Actually some map configuration requires this process to be recursive, as one leaf may in the end generate more than one "closed" MoveVolume.
The end result is a set of MoveVolumes ( duplicates may show up and are eliminated) structured like small bsptrees, with one node per plane and at least one map face one each plane. The MoveVolumes are then fully bounded by adding portals on each plane to complement map faces if needed.
A usual map have around 1000 empty leafs, which at first sight means re-building 1000 bsptrees.
But a leaf original faces cull away a great deal of MMap faces right from the start.
Tests I have made on CSv1.5 maps (de_aztec and de_inferno) showed that computing MoveVolumes
is much shorter than I expected: to get all the MoveVolumes, it takes around "only" 3 times the
time to build a leafy bsptree.
Move volumes intersection
Having a set of MoveVolumes, I compute pair-wise intersections, which are structured a bit like portals. Shared faces are identified as well as, separately for each MoveVolume, intersection faces which are actually portals to the other MoveVolume. Each intersection object points to the two MoveVolumes and the corresponding two separate lists of nodes with planes and intersection faces.
How to use the data for Navigation
The data building code is not finished, but basically
- I will use a map bsp tree for localization of objects in the word (including bots and MoveVolumes) and to localize bots within MoveVolumes.

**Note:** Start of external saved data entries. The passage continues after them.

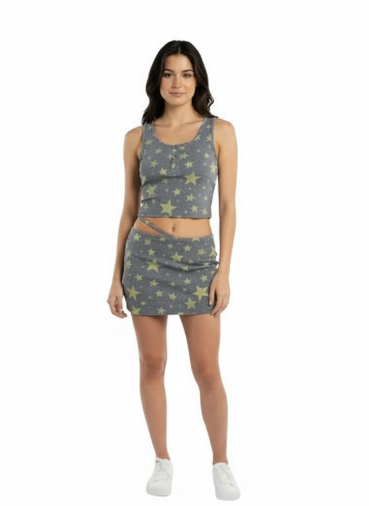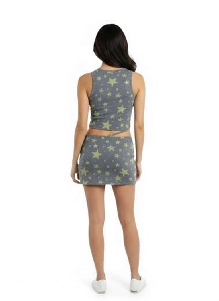 Your newest standout co-ord is here — the Galaxy Mist Set, crafted with a dreamy washed-grey palette and scattered soft-yellow star prints for a look that feels equal parts cosmic and effortless. This matching top-and-skirt duo is made for days when you want comfort with statement energy. Wear them together for a full celestial moment, or mix and match to style the stars your way.
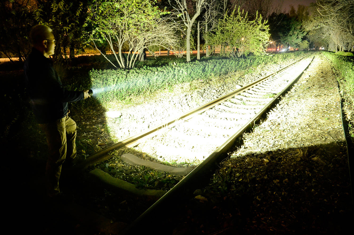 最大光通量为15000lm,中心光强达到36万坎德拉,我是找不到1.2公里的可拍照地点,就算找到了,我在晚上也看不到那么远,不过600多米的铁路尽头确实完全都被照亮,而且亮度的连贯性很好,从脚前一直到最远处都是亮的。
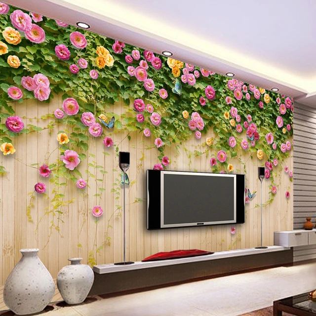18. Custom Mural Wallpaper Green Vine Butterfly Rose Flower Wood Board

- MoveVolumes will be the base for "local move" computations.
- MoveVolumes and their intersections form a graph on which AStar or the Floyd algorithm can be applied. I already have a flexible templatized AStar code which is is used in my present bot waypoint nav.
- if need be, waypoints for travelling can easily be derived from MoveVolumes intersections( will probably be needed, at least as temporary data to get distances as cost function for pathfinding).